Re: svn commit: r1847646 - /tomcat/trunk/java/org/apache/tomcat/util/net/Nio2Endpoint.java

Posted by Mark Thomas <ma...@apache.org>.
On 28/11/2018 15:30, Rémy Maucherat wrote:
> On Wed, Nov 28, 2018 at 4:20 PM Mark Thomas <ma...@apache.org> wrote:
> 
>> On 28/11/2018 15:00, markt@apache.org wrote:
>>> Author: markt
>>> Date: Wed Nov 28 15:00:06 2018
>>> New Revision: 1847646
>>>
>>> URL: http://svn.apache.org/viewvc?rev=1847646&view=rev
>>> Log:
>>> Fix possible cause of intermittent TestCoyoteOutputStream failures.
>>
>> I thought this would be worthy of a longer explanation than seemed
>> appropriate for a commit message.
>>
> 
> I feel bad for not thinking about it since it does sound quite logical.

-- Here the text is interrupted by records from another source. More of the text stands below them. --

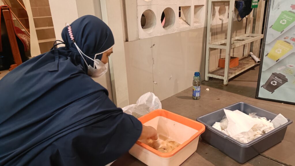 Tetap jaga bersih sehat di lingkungan masjid pasca berbuka shaum bersama, dengan memilah sampah sesuai jenisnya, dan dilakukan penimbangan timbulan sampah oleh Tim Kerja Berseka.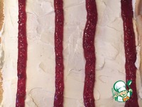 Развернуть бисквит, равномерно распределить маскарпоне и джем, скрутить, убрать в холод. |
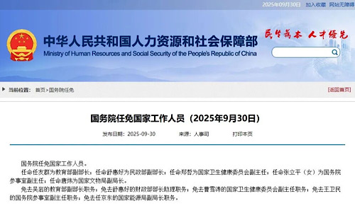 任命任友群為教育部副部長;任命舒惠好為民政部副部長;任命鄭哲為國家衛(wèi)生健康委員會副主任;任命張立平(女)為國務(wù)院參事室副主任;任命唐煒為國家文物局副局長。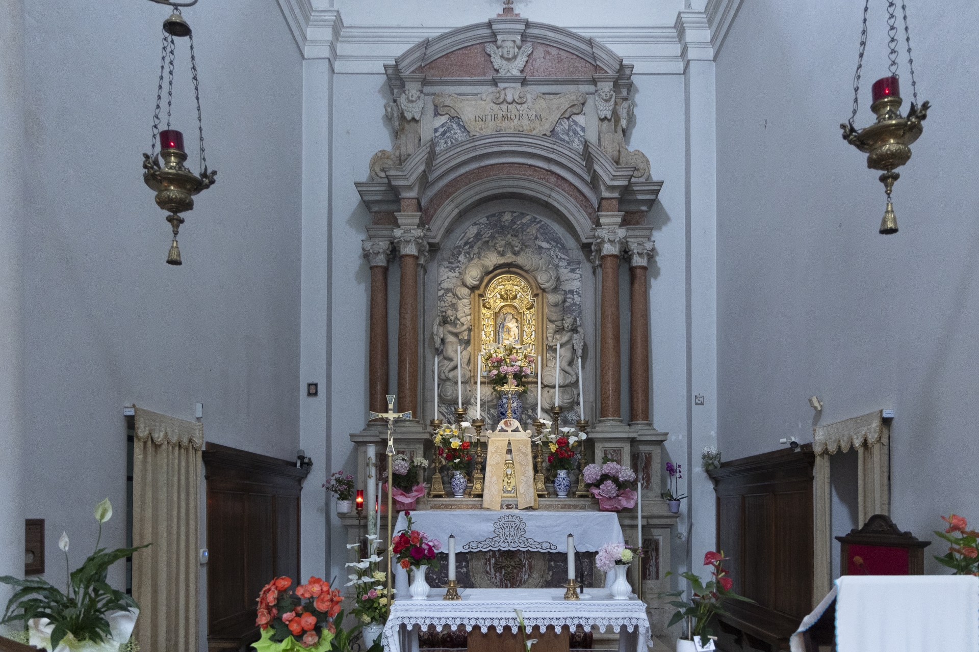 Il santuario si presenta con forme lontane dal gusto barocco diffuso nella Romagna dell'epoca, data la semplicità delle forme e delle superfici. L'altare maggiore, composto in marmi pregiati, è opera degli scultori ravennati Giovanni e Domenico Fuschini.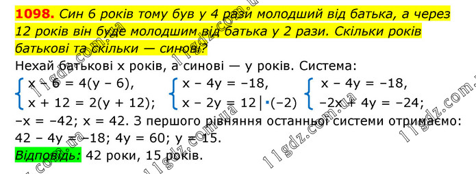 § 4. Системи лінійних рівнянь із двома змінними » 1098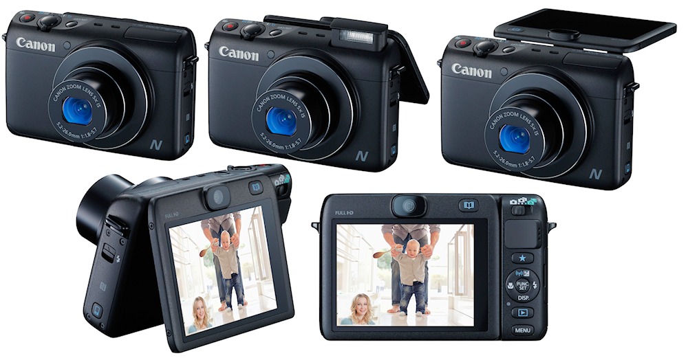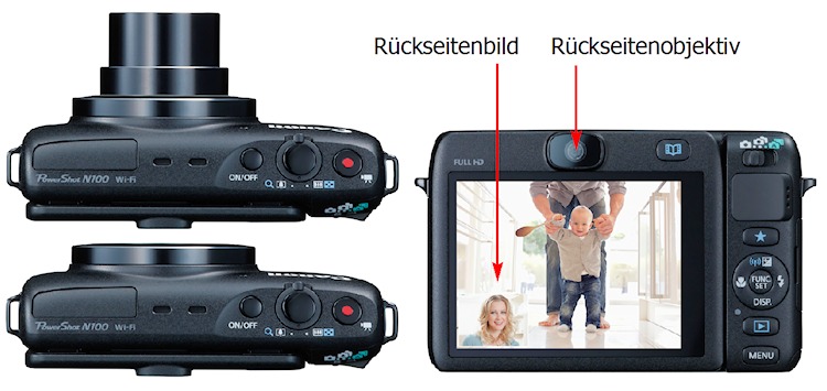 Zwei Kameras in einer: Die Canon PowerShot N100 fotografiert mit der «Hauptkamera» vorn das anvisierte Motiv sowie gleichzeitig mit der gegen hinten gerichteten «Story-Kamera» den Gesichtsausdruck des Fotografierenden. So werden beide Seiten einer Geschichte erzählt und es entstehen Bilder und Movies, mit einem besonderen Bildeffekt.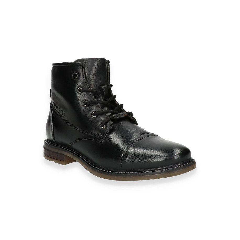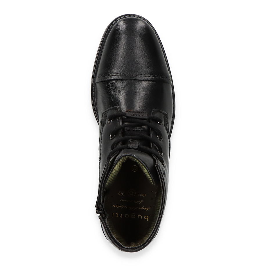 Schwarze Boots sollten in keinem Schuhschrank fehlen - da kommen diese modischen Bugatti Schnürboots für Herren gerade recht! Die smarten Herrenschuhe überzeugen mit einem makellosen Design, einer hochwertigen Verarbeitung und einem angenehmen Tragekomfort, sodass Sie sich garantiert wohlfühlen werden. Die Boots sind aus feinem schwarzem Glattleder gefertigt, welches durch robuste Gummisohlen und sportive Schnürungen optimal abgerundet wird. Dank des schlichten Designs und der klassichen Farbgebung lassen sich die Herrenschuhe toll kombinieren und sind zudem besodners angenehm zu tragen. Ein Warmfutter macht die Boots winterfest.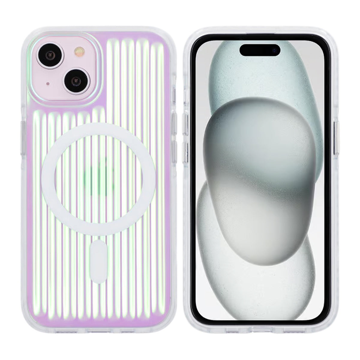 Gi din iPhone 15/14/13 et unikt utseende med dette støtsikre mobildekselet som har en reflekterende iriserende finish med et hint av grønn farge.
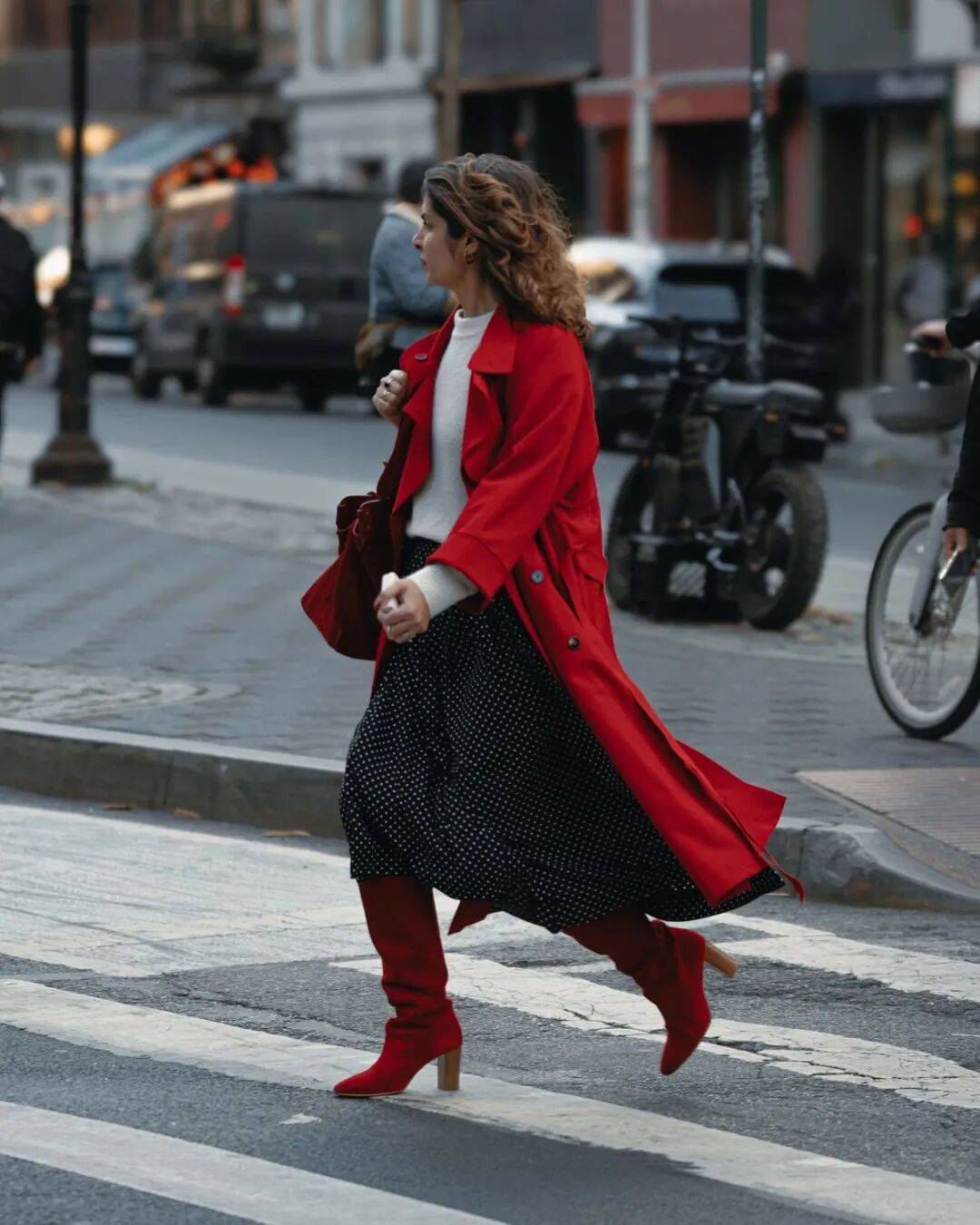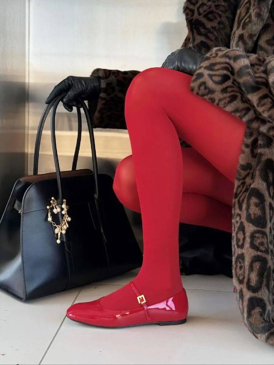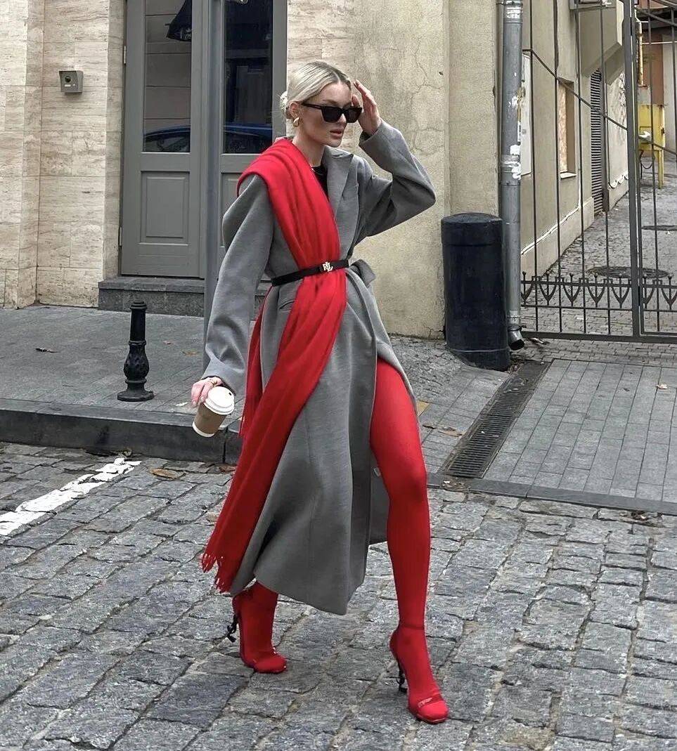 紅色針織襪是藏在細節裏的時尚心思,從靴口露出的一截紅色,上麵可能有精致的絞花紋路,這種不經意的小細節最能體現穿搭巧思。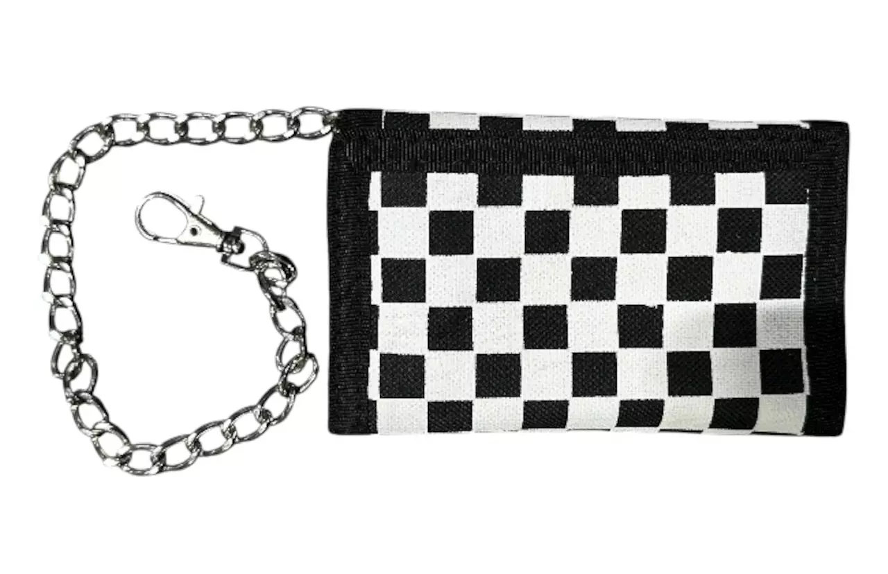 Lompakko, ralliruutu. Kangaslompakko mustavalkoisella ralliruutu-kuosilla. Lompakossa ketju, jolla sen saa kiinnitettyä housun vyölenkkeihin.

I wouldn't feel too bad. I've lost track of the number of logical
explanations I have had for problems that I have had to throw away once
I had more data. To be honest, I'm expecting this to carry on failing
intermittently and that the root cause - when we find it - will turn out
to be my refactoring.

> BTW, the testsuite failed but it wasn't *that*. What a coincidence !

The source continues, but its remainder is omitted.